Pada bulan agustus 1945, Muhammad Hatta dan Soekarno, wakil presiden, dan presiden negara kesatuan Republik Indonesia mengangkat suami dari Nasoetion-van der untuk bekerja sebagai penasihat hukum untuk pemerintah mereka. Keluarganya pindah dari Belanda dan tinggal secara bergantian di Jakarta dan desa pegunungan Kaliurang.

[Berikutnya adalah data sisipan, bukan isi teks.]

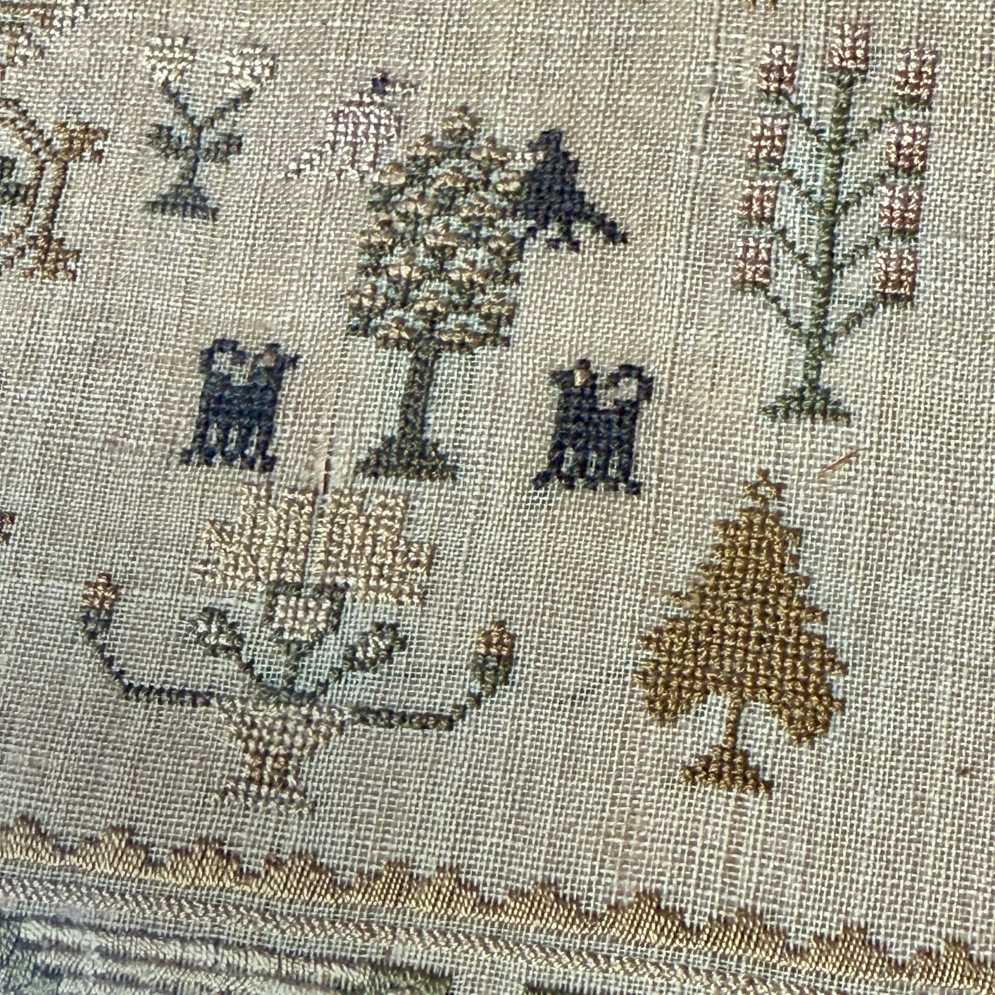 Late 18th - Early 19th Century Silk on Linen English Sampler in Wood Frame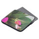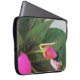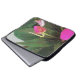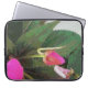 The artwork on this 15” Laptop Sleeve is an original photograph by MaeFlowers of a New Guinea impatiens plant, in bloom with hot pink flowers. The photo is a closeup showing parts of the bright pink flower petals, a flower bud in a more pale pink color, and the remains of an earlier bloom. The dark green leaves of the impatiens are long and pointed, with jagged edges against a warm light gray background. The design has a tapestry texture.
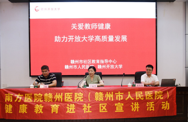 为实施积极应对人口老龄化国家战略,推动健康赣州建设,宣传普及老年健康政策和科学知识,近日,由赣州市社区教育指导中心主办,赣州老年开放大学携手南方医院赣州医院(赣州市人民医院)、赖家围社区居委会等共同承办的健康宣讲和义诊活动在我校举行。校党委委员、副校长卢旗英出席活动并讲话。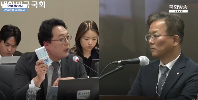 한국은행 국정감사에서 관봉권 띠지가 도마위에 올랐다. 이날 천하람 개혁신당 의원은 관봉권과 관련한 의혹을 풀겠다며 직접 1000원짜리 100장을 개인 계좌에서 찾아왔다.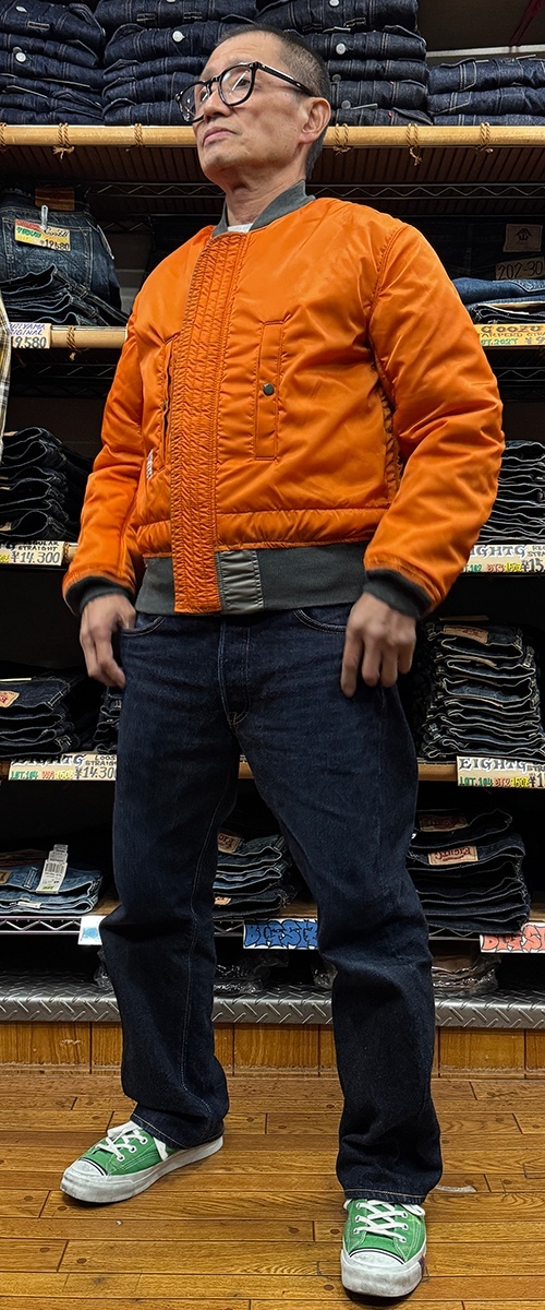 このMA-1は架空の想定で、タイトフィットにしてあり、その比類無き着心地とフィット感は、長さに渡ってジャケットを生産し続けてきたバズリクソンズの経験値が凝縮されていると言う想定を基に生産されたモデルです。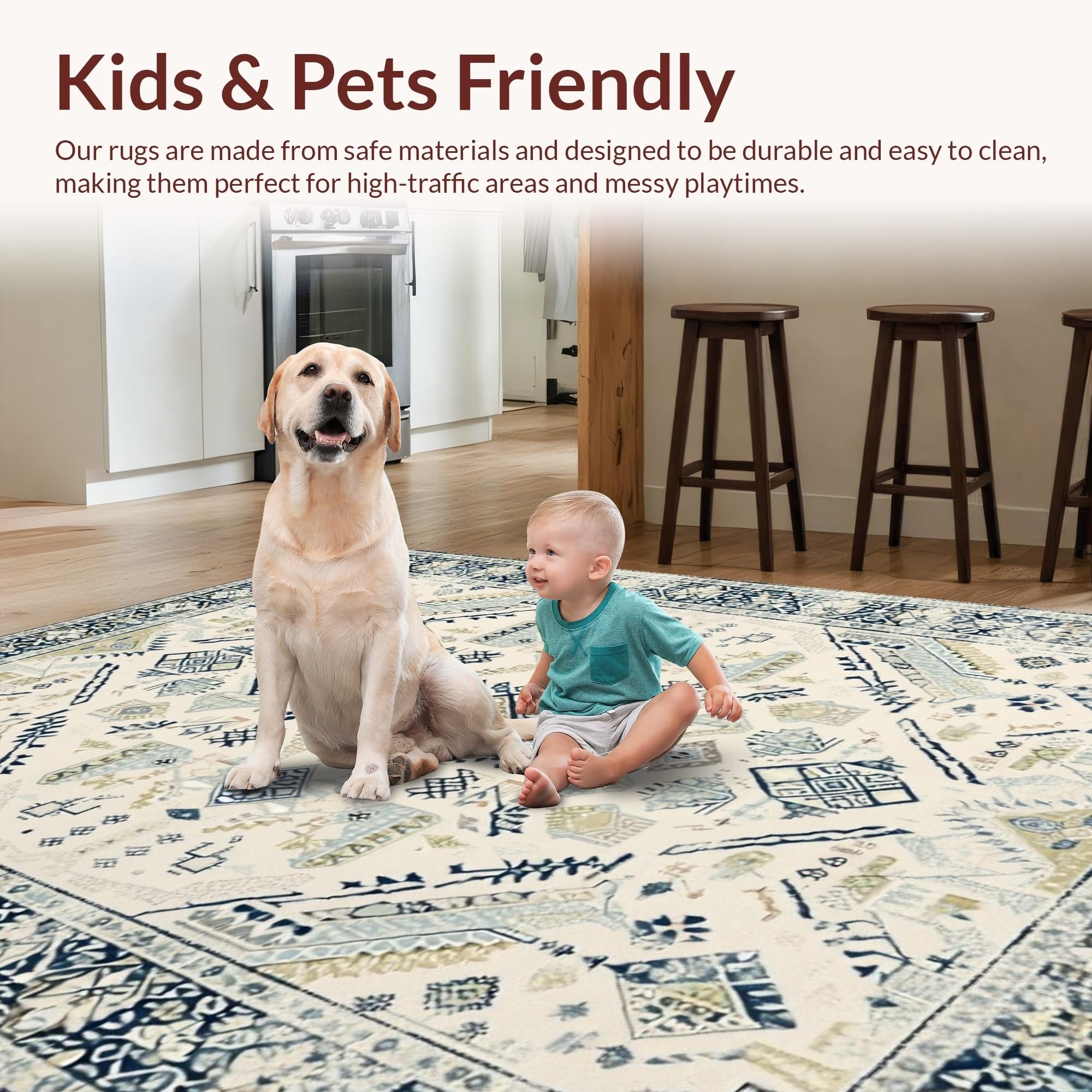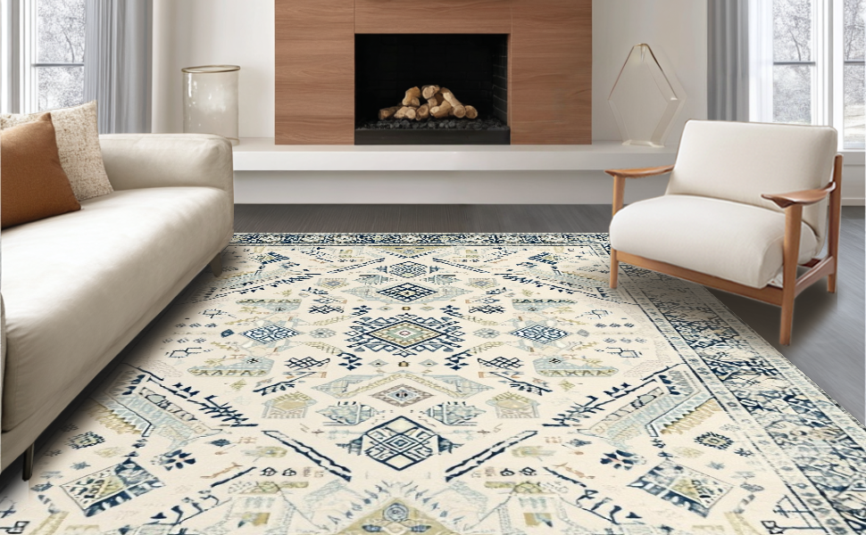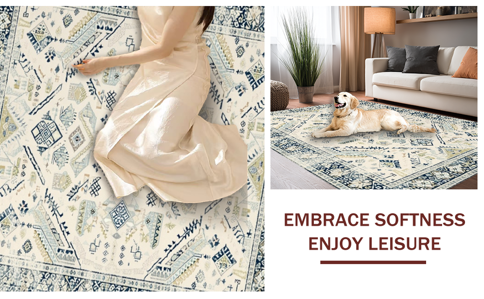 Ultra Soft Area Rug, Non Slip, Stain Resistant, Washable Area Rugs for Living Room, Bedroom, Artistic Soft Cream Geometric Motif(Beige) Overview:

Pembunuhan Masdoelhak Nasoetion
Tanggal 21 Desember 1948, Masdoelak Nasoetion di culik dari rumah mereka di Kaliurang oleh tentara belanda, di hadapan anak-anak mereka.[3] Kemudian kami menemukan bahwa ia pada hari yang sama dibunuh oleh sersan mayor Marinus geelhoed, dalam komando letnan R. F. de Mey. Geelhoed menjelaskan kemudian bahwa Nasoetion yang mereka bunuh adalah kolonel Abdul Harris Nasoetion.[4]

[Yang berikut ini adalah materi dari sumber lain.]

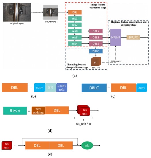 As shown in Figure 11, the encoder part based on bifurcation-fusion (named YOLO-MFLMF) is divided into three steps: image feature extraction stage, bounding box, and class prediction stage, and regional feature construction and encoding stage.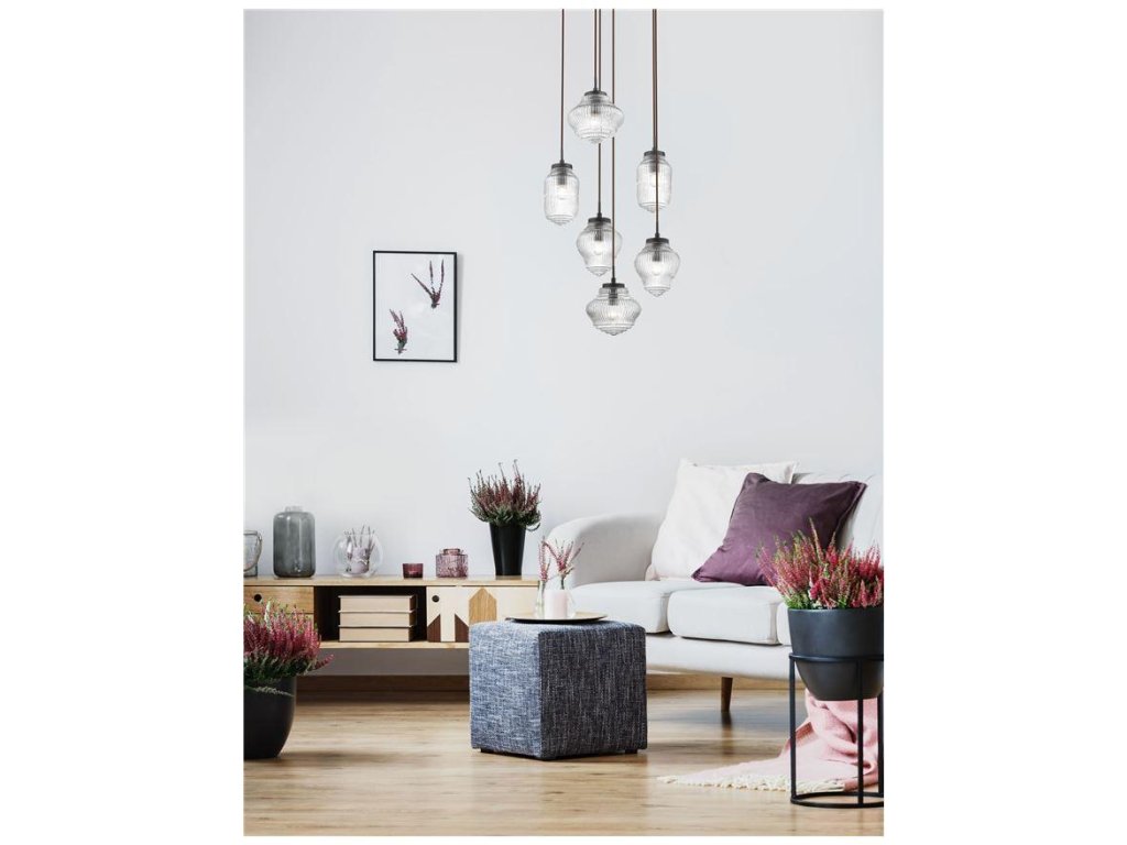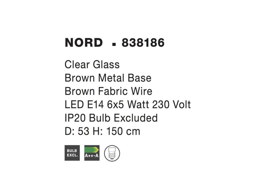 Závesné svietidlo NORD číre sklo hnedá kovová základňa E14 6x5W

Van der Have yang saat itu berada di rumah sakit Yogyakarta, di mana Ia dalam proses persalinan putra bungsu mereka. tanggal 29 desember 1948 ketika pulang ke rumah dia menemukan rumah dijarah. Masak ternyata memiliki rasa kasihan pada anak-anak, dan dia mendengar bahwa suaminya di bawa belanda. Pada awal januari 1949, ia memberitahu petugas belanda bahwa suaminya itu kemungkinan dibunuh. Hal ini juga mengatakan bahwa mereka tidak dikenal di Belanda, mana yang disebut "aksi polisi" dari tahun 1948 menjadi sangat kontroversial.
Melawan Negara Belanda
Awal tahun 1950- Pengacara Van der Have, mengajukan tuntutan ke Pengadilan perang, ganti rugi hampir dua ratus ribu gulden atas kematian suaminya. Dalam reaksi yang diterimanya bahwa Belanda tidak bertanggung jawab dalam hal ini wanprestasi. Pada tahun 1950 Indonesia sudah merdeka, dan Belanda menunjukkan bahwa Indonesia melalui penyerahan kedaulatan, kepribadian hukum dari kedaulatan Dutch east-Indies telah diambil. Singkatnya: Negara belanda berpendapat bahwa Van der Have meminta ganti rugi kepada pemerintah Indonesia, bukan Belanda.
Van der Have kemudian memints bantuan pengacara Karel van Rijckevorsel. Dia menuntut kasus atas nama der Have tuntutan perdata terhadap Negara dan mempersiapkan berkas. Dia menjalani proses persidangan ini selama dua tahun yang panjang, dan pada tanggal 13 januari 1953, Van der Have menerima putusan pengadilan di den Haag, belanda, Negara bertanggung jawab atas pembunuhan suaminya, dan yang Memungkinkan lebih lanjut membayar ganti rugi. Negara menarik banding tapi akhirnya setuju dengan putusan membayar ganti rugi. Pada saat yang sama poin ke Belanda, apapun bentuk pertanggung jawaban. Van der Telah setuju dengan putusan tetapi terus mempertahankan bahwa Belanda harus bertanggung jawab.
Tentara belanda yang terlibat dalam pembunuhan Nasoetion tidak pernah dituntut.